» **What this task involves**:
Your output should be everything below from the line containing "9月15日早,我校中德护理国" down to the line containing "上期回顾:体彩大乐透第2022022期奖号:01 05 14", both ends included, copied exactly, with pictures left out.

» **Entries supplied**:
::::::::

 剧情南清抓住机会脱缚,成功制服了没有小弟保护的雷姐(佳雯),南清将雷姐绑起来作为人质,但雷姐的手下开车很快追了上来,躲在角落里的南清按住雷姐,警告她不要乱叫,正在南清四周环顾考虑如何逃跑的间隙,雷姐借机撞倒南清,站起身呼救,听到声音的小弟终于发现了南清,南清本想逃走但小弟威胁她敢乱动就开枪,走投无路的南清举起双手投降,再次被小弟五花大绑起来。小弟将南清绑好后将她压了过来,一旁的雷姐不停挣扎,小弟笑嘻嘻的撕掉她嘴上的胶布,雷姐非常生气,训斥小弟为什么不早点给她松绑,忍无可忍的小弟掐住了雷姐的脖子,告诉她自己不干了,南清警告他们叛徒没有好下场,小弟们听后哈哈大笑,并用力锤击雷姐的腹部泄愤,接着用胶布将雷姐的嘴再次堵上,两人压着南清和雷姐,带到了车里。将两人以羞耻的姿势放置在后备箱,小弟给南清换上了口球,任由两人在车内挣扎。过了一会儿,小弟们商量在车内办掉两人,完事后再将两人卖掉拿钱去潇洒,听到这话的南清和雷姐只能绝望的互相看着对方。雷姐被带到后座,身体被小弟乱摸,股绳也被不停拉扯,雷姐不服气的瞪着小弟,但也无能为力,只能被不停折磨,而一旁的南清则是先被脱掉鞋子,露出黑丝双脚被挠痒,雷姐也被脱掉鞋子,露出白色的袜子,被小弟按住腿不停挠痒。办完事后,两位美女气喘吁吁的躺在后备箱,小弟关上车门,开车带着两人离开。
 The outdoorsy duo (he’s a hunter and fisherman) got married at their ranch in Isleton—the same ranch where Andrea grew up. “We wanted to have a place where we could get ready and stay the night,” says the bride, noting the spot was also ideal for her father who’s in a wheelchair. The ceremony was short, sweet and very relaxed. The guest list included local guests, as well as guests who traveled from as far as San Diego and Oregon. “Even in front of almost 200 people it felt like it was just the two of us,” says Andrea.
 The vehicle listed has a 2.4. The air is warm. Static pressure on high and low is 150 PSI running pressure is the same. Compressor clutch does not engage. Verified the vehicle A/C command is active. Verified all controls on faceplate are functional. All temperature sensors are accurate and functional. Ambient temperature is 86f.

::::::::

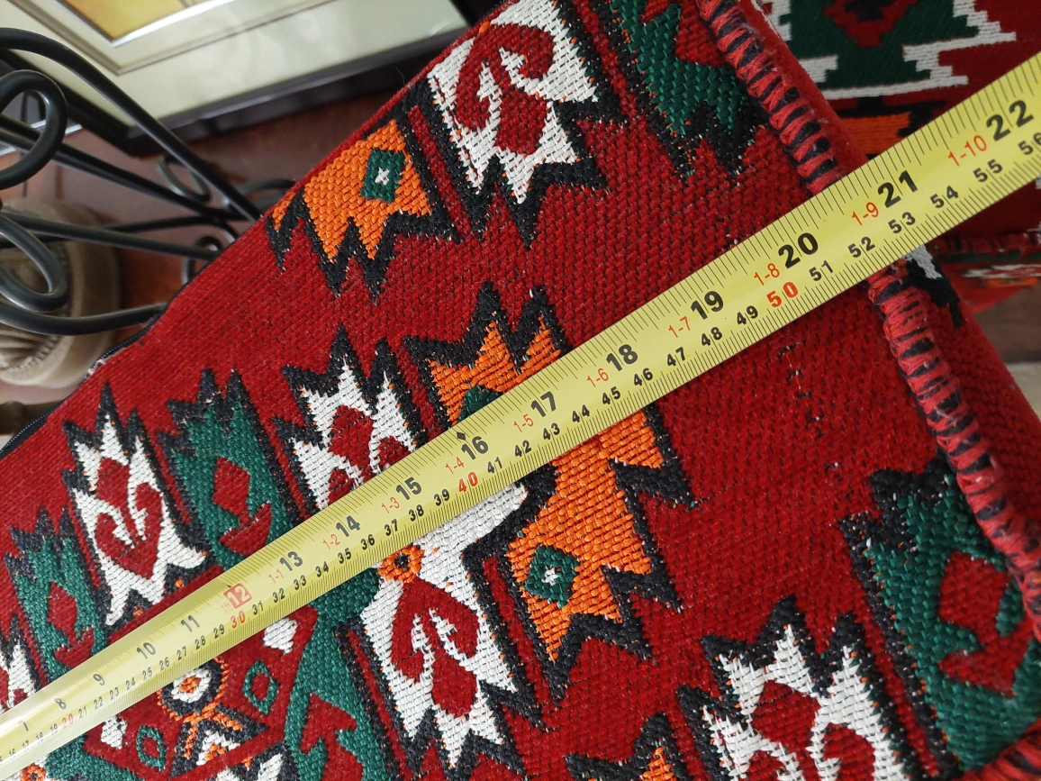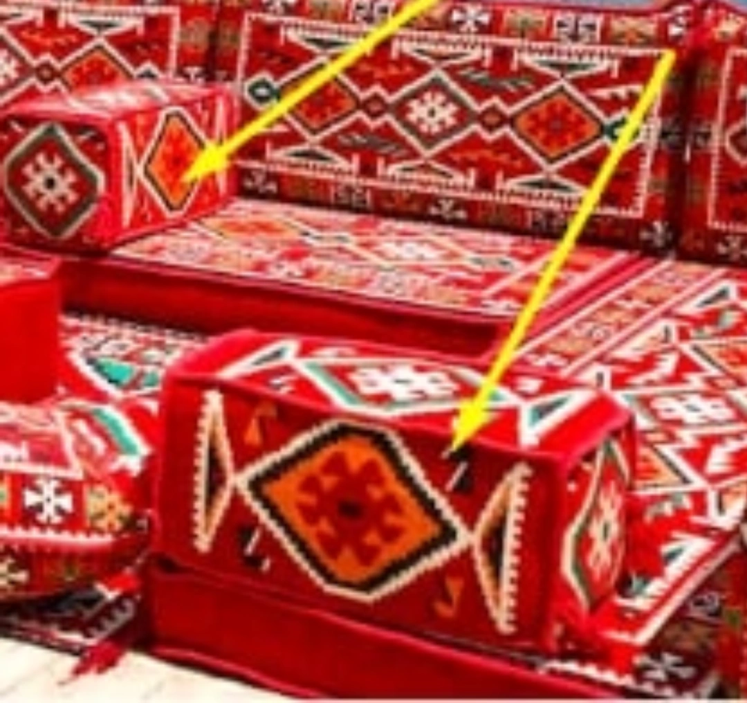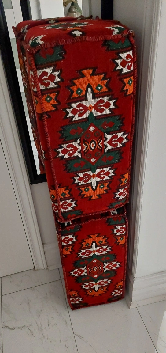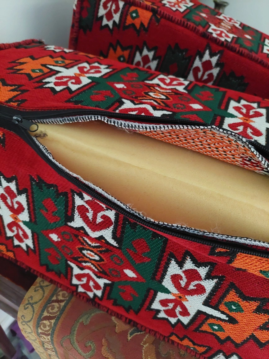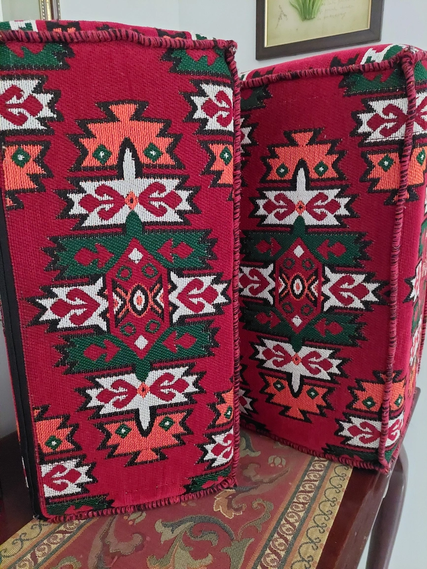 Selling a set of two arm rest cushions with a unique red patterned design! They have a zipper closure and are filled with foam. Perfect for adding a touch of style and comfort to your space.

::::::::

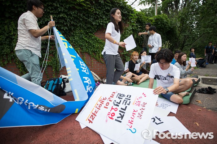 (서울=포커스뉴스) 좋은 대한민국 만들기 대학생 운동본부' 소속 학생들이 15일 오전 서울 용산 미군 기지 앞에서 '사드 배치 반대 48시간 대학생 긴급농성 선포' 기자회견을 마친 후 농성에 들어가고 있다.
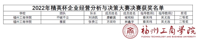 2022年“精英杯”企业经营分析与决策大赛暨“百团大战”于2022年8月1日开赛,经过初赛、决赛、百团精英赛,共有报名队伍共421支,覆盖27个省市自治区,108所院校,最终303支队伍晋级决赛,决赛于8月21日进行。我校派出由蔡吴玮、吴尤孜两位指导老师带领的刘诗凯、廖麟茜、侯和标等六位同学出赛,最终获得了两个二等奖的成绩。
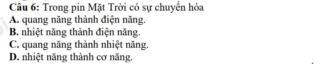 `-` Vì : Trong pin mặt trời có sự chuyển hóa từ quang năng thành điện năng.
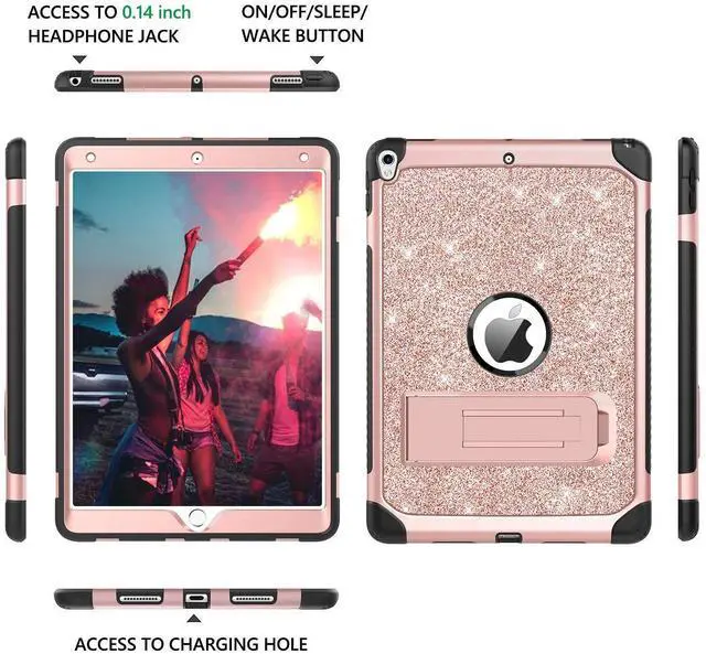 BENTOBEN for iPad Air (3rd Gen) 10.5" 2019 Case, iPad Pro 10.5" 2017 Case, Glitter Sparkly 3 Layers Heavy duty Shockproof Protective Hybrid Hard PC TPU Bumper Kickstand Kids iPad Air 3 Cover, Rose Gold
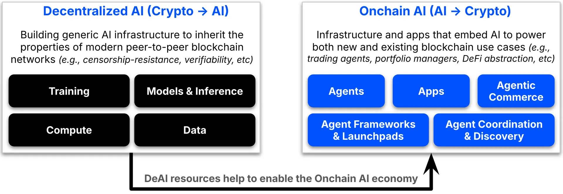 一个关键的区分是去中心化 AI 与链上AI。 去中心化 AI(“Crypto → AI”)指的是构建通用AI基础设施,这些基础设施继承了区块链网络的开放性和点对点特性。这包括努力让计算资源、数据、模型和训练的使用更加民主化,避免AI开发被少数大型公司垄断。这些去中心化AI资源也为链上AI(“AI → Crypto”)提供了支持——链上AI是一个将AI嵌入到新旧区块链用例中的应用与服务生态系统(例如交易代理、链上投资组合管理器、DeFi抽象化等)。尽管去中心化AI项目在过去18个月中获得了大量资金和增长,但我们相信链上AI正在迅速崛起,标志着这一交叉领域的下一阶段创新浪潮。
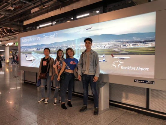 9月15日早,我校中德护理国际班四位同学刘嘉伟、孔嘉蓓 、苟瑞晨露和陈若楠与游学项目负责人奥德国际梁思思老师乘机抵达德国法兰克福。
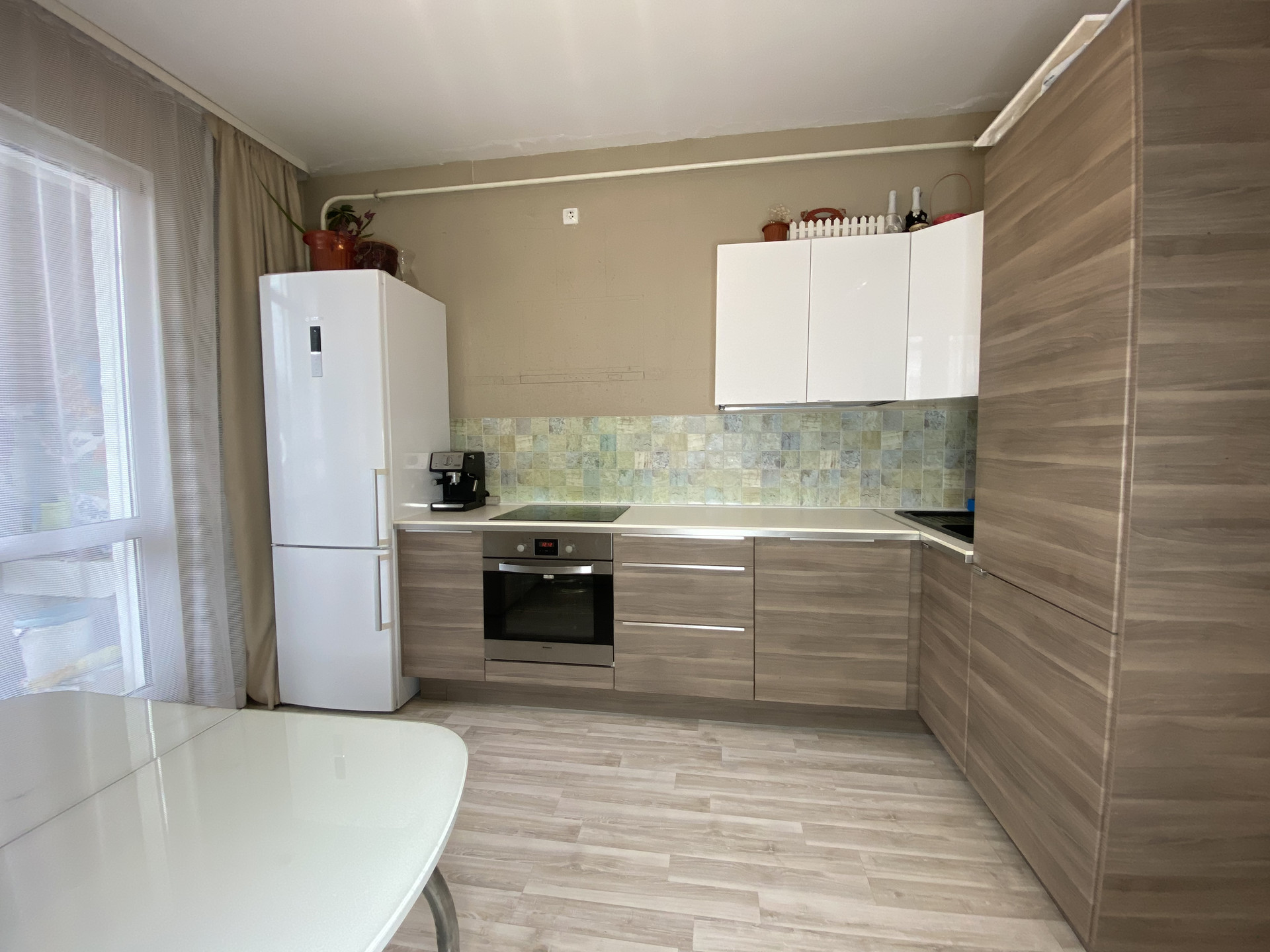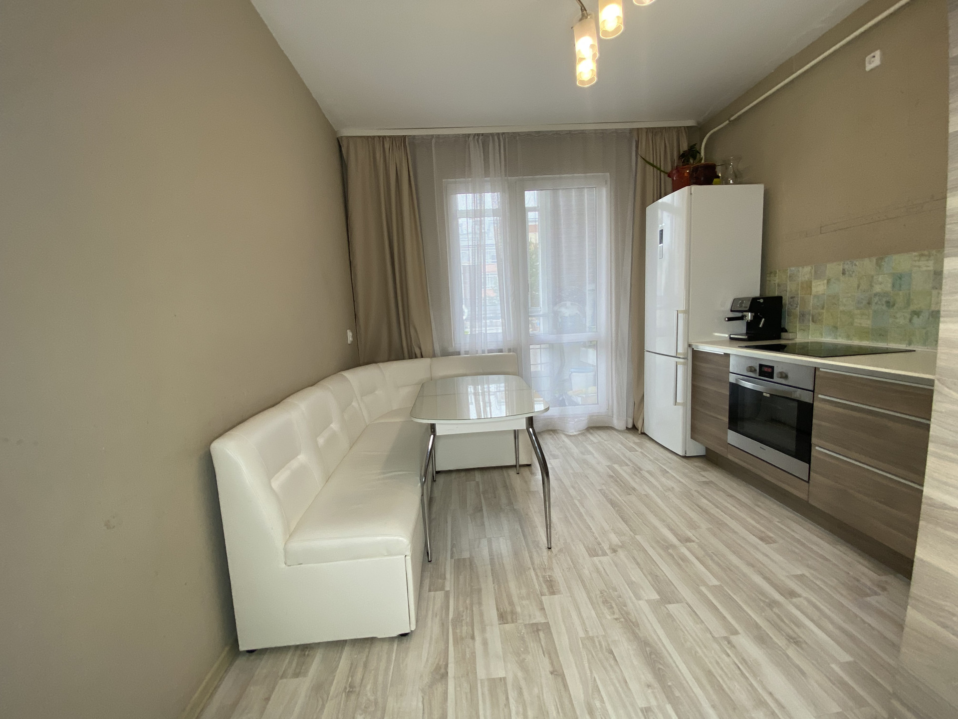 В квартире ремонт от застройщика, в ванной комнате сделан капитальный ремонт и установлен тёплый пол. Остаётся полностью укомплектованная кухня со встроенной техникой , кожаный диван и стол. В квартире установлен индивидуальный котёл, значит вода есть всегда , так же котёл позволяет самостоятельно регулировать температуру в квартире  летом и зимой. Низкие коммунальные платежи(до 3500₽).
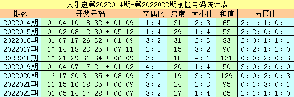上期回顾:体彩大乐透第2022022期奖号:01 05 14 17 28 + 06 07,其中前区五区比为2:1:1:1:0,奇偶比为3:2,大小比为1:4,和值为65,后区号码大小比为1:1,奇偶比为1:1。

::::::::

» **Response area**:
 9月15日早,我校中德护理国际班四位同学刘嘉伟、孔嘉蓓 、苟瑞晨露和陈若楠与游学项目负责人奥德国际梁思思老师乘机抵达德国法兰克福。
 В квартире ремонт от застройщика, в ванной комнате сделан капитальный ремонт и установлен тёплый пол. Остаётся полностью укомплектованная кухня со встроенной техникой , кожаный диван и стол. В квартире установлен индивидуальный котёл, значит вода есть всегда , так же котёл позволяет самостоятельно регулировать температуру в квартире  летом и зимой. Низкие коммунальные платежи(до 3500₽).
上期回顾:体彩大乐透第2022022期奖号:01 05 14 17 28 + 06 07,其中前区五区比为2:1:1:1:0,奇偶比为3:2,大小比为1:4,和值为65,后区号码大小比为1:1,奇偶比为1:1。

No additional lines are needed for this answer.